But, at the end of the day, as is so often the case, the bottleneck was in database access and query processing. No, there was nothing wrong with the DBMS. And no, there was nothing wrong with the SQL used. And no, the connection and data source settings were not the problem.

So what was the problem? Simply, ColdFusion was being made to do the DBMS' job! I found dozens of queries that were returning data that was being used solely to feed other queries. I saw queries being returned and then filtered client-side, within ColdFusion. I even saw queries (some that were quite long running) that were never being used once executed (leftover code from previous edits, I assume). And more.

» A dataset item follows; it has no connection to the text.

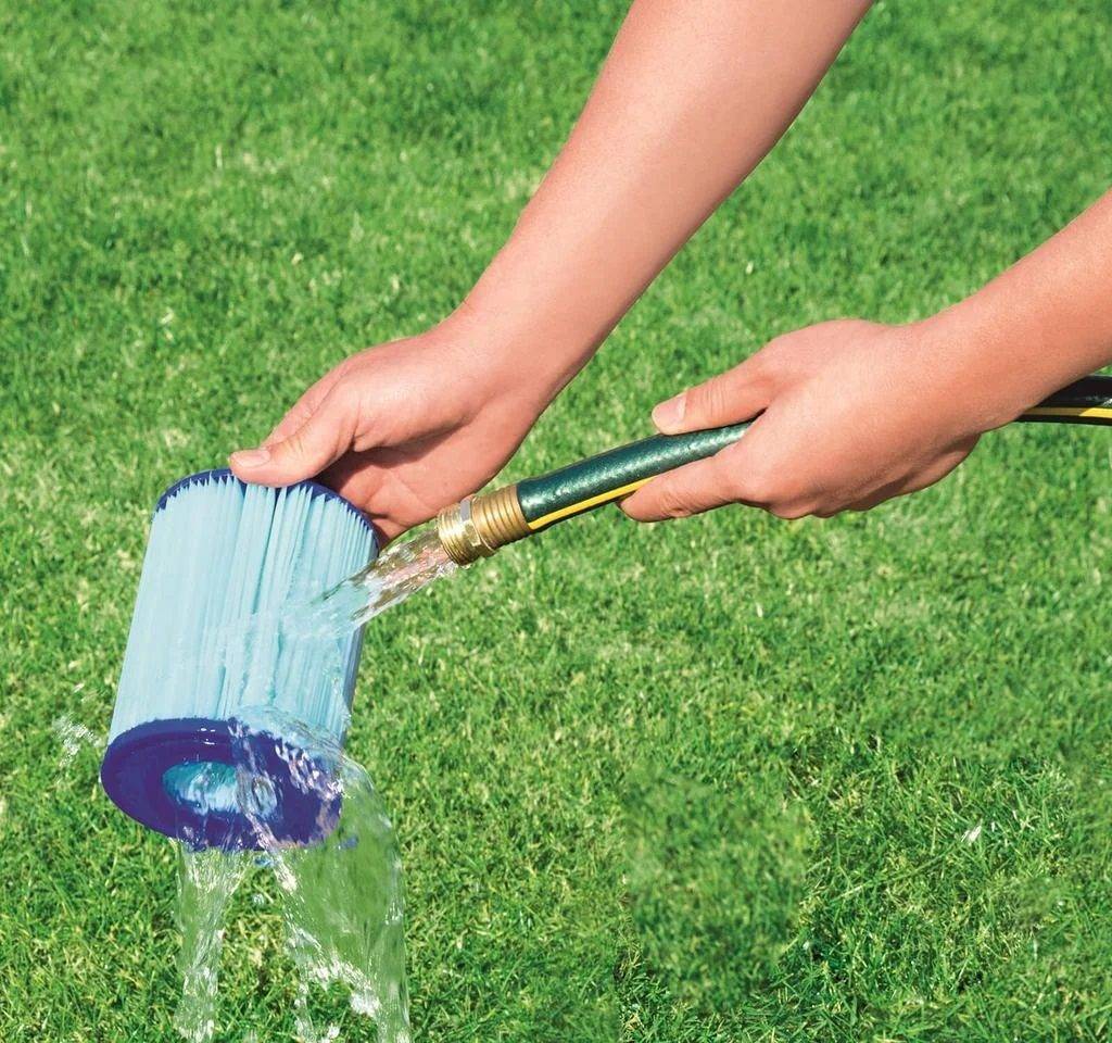 Картриджный фильтрующий насос не только подает воду в бассейн, но и задерживает крупные загрязняющие фракции (съёмный картридж нужно время от времени промывать и менять).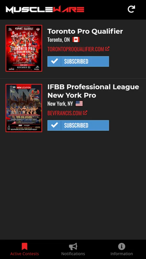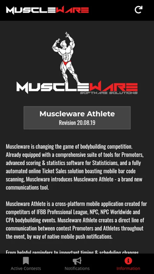 The Muscleware Live Notifications App is a communications tool used by Promoters of IFBB Professional League, National Physique Committee (NPC), NPC Worldwide and Canadian Physique Alliance (CPA) events.

I've been saying this for years, but, let's go through this again. ColdFusion is NOT a DBMS. Whatever database back-end you are using, chances are that it is a big powerful application that is designed to do one thing and do it well, manage and manipulate data. It makes absolutely no sense to give your DBMS less work to do while making ColdFusion work hard doing what the DBMS is supposed to do, what it is designed to do, what it is optimized to do.

So, a few rules:

  • Don't ever retrieve data you don't need.
  • Don't ever retrieve too much data, only to filter the results within ColdFusion (via querying a query, or excluding data while looping).
  • Don't ever retrieve data if that data is only going to be used to drive additional queries. If you have a query, and then are using the results (perhaps in a <cfloop>, or via a ValueList()) in subsequent queries, then you need to find a way to consolidate those queries and do the work on the DBMS. And yes, that may mean writing JOINs or using stored procedures.
  • Don't ever perform calculations and aggregations within ColdFusion, unless the data being used is already retrieved for some other purpose. Yes, the SQL aggregate functions (and having to use GROUP BY and figuring out how to make that work while using WHERE or JOINs) can be a little tricky. But do it anyway.
  • Don't ever underestimate the important of caching query results. If you use the data frequently, and it is not changing as frequently as it is used, then cache it!
  • There's more, but you get the idea.

Keep the following in mind:

  • ColdFusion is never going to be able to query/sort/filter/count/sum/average/etc. as fast as your DBMS will. That is not what ColdFusion is optimized to do, and it is exactly what your DBMS is optimized to do.
  • Sending unnecessary data from your DBMS to ColdFusion creates unnecessary network traffic, puts unnecessary load on the ColdFusion server hardware, unnecessarily increases server memory load, and unnecessarily slows down your and other requests.
  • More often that not, your ColdFusion box is going to be under heavy load while your DBMS box sits with cycles to spare. It makes no sense to not leverage that power and potential.
  • And as a side benefit, by moving data processing and manipulation back where it belongs, on the DBMS, you significantly increase the likelihood that you'll be able to reuse that work and effort.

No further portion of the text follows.